Electrical – Impedance matching headphones and carbon microphone adapter

biasimpedancemicrophonevoltage

I'm trying to convert a regular pair of headphones (audio technica anc-9) with a electret microphone (headset buddy) to a converter box so I can use that setup as a aviation headset. All the information I have found isn't very straight forward and I'm hoping to get some help with a adapter box. I know the headphones have 100 ohm impedance and when I wire them together I get 50 ohms (the aircraft uses mono output). The aircraft needs a 150 ohm impedance. My question is: I figure I need a audio transformer of about 1:3 but I have no idea how to search digi key for the one I need, all I know is I want it to be small as possible.

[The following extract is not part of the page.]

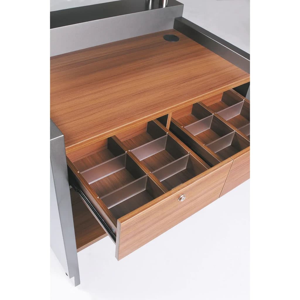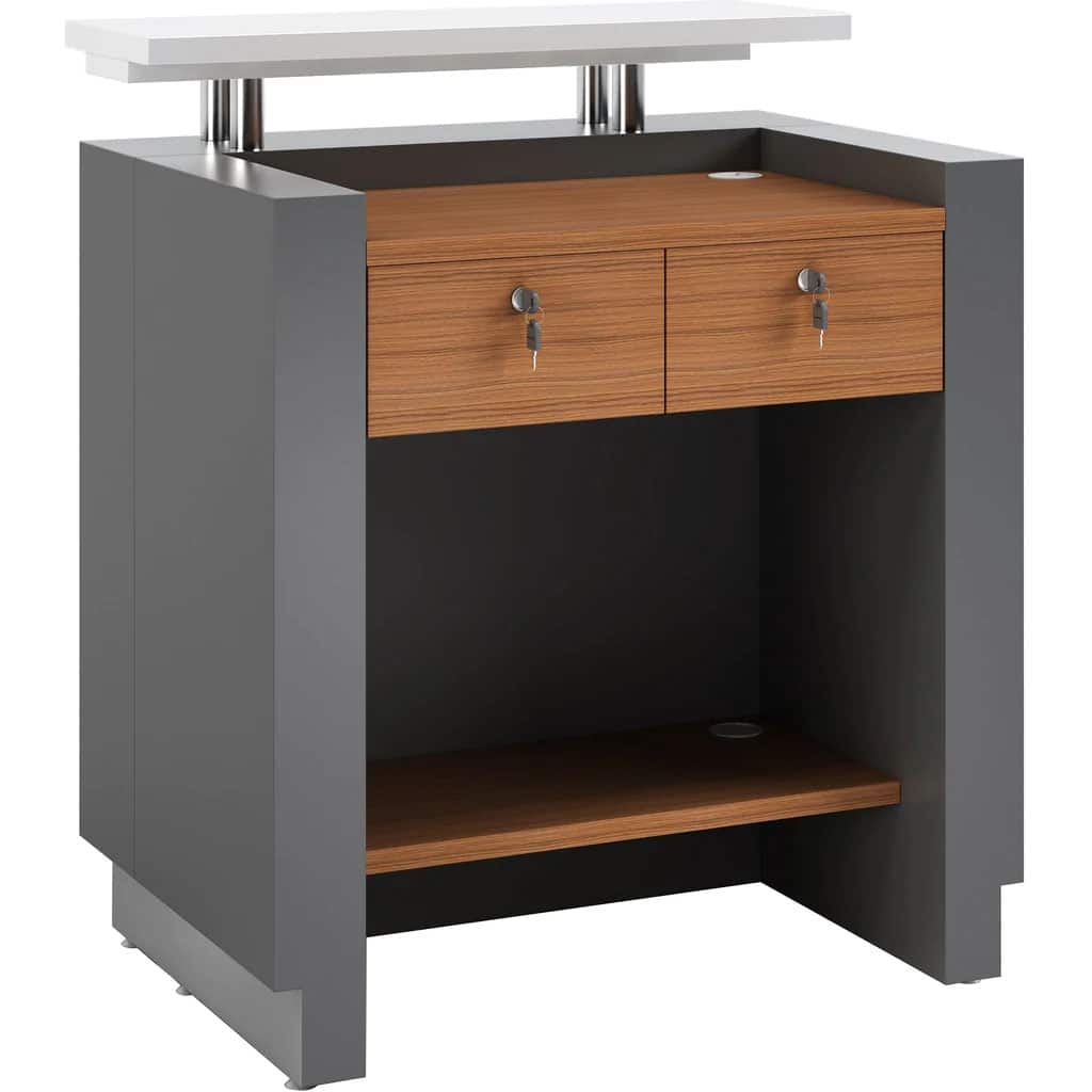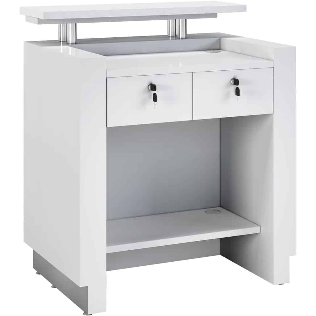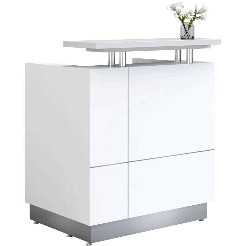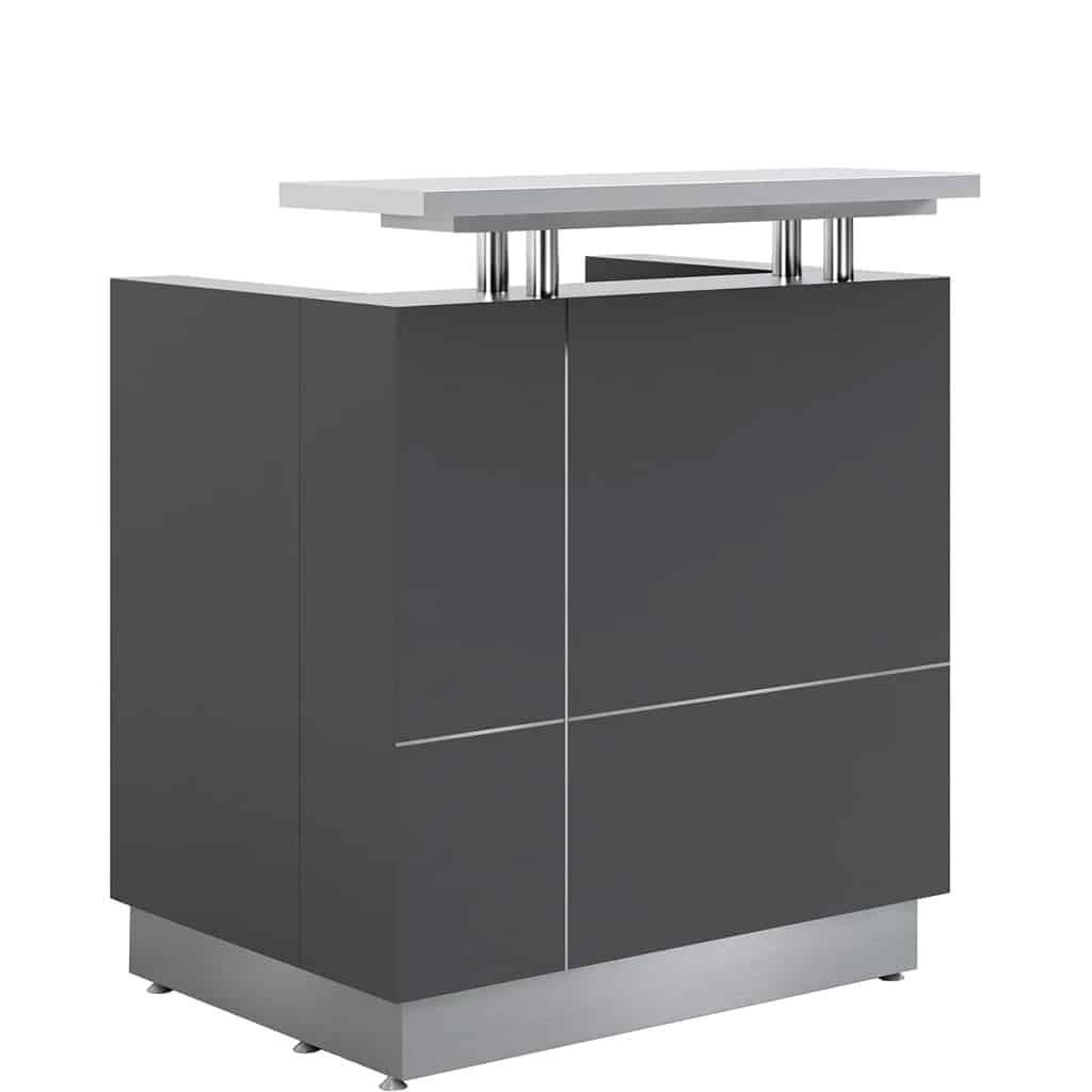 Emblematic of the Venice reception is the jade white stone hob, which is supported by chrome pillars. Combined with the aluminium trim lines and stainless steel kick plate, the chrome-silver becomes an accent colour in-between the white and the grey. It keeps the design simple yet attractive, and makes it a flexible design that can fit in with most other furniture. The Venice Bar is a shorter version of the regular Venice counter, meaning you can fit it in a smaller space if you’d like a small workspace. Style isn’t the only strength of this reception, as it is made with high quality materials and fittings, and comes with the side box on either the left or right depending on your personal preference. For the modern professional, the Venice is the way to go.

The next part is that I'm stuck on is the microphone. I know the aircraft is expecting a carbon style microphone so the electret microphone needs to be adapted to work. From what I understand this requires around a 1volt output and I can get the power I need to amplify the voltage from the bias voltage provided from the microphone leads. I have found a diagram posted by Andy aka from this post:

Electret microphone amplifer for general aviation

Will this produce the required voltage? And do I need to match the impedance for the microphone too? Also what would I have to change be able to change the gain of the microphone?

to summarize:

  1. how do I go about choosing a suitable transformer?

  2. Does the microphone also require the impedance to match?

  3. what would I do if the bias/phantom voltage is not 5-7 volts?

Thanks for any help

Best Answer

If you can only wire your headphones in parallel (for 50 ohms total impedance), then simply throw a 100 ohm resistor in series to bring the total impedance up to 150 ohms. You will need to experiment to see whether that provides adequate sound levels for the typical noise environment in the cockpit of a general aviation craft. Because we don't know the output levels provided by the intercom system and we don't know what is the acoustic sensitivity of the headphones. Your chances of finding an appropriate transformer fall somewhere between slim to none.

A carbon microphone doesn't actually produce a voltage. It varies its resistance to cause a variation in the applied voltage from the intercom system. There is nothing in the Andy Aka circuit that would suggest it is not perfectly appropriate for your application.

  1. You probably do NOT need to impedance "match" the headphone circuit. Furthermere, your chances of finding an appropriate transformer are virtually nil.
  2. No, the microphone circuit does NOT need "impedance match". The carbon (or equivalent) circuit merely produces a varying resistance which causes a varying voltage from the intercom system current.
  3. It probably won't may any significant difference if the microphone voltage from the intercom system is not exact. You could change the values of the microphone circuit if you find the sensitivity is too great or too small. As discussed in the cited Q/A.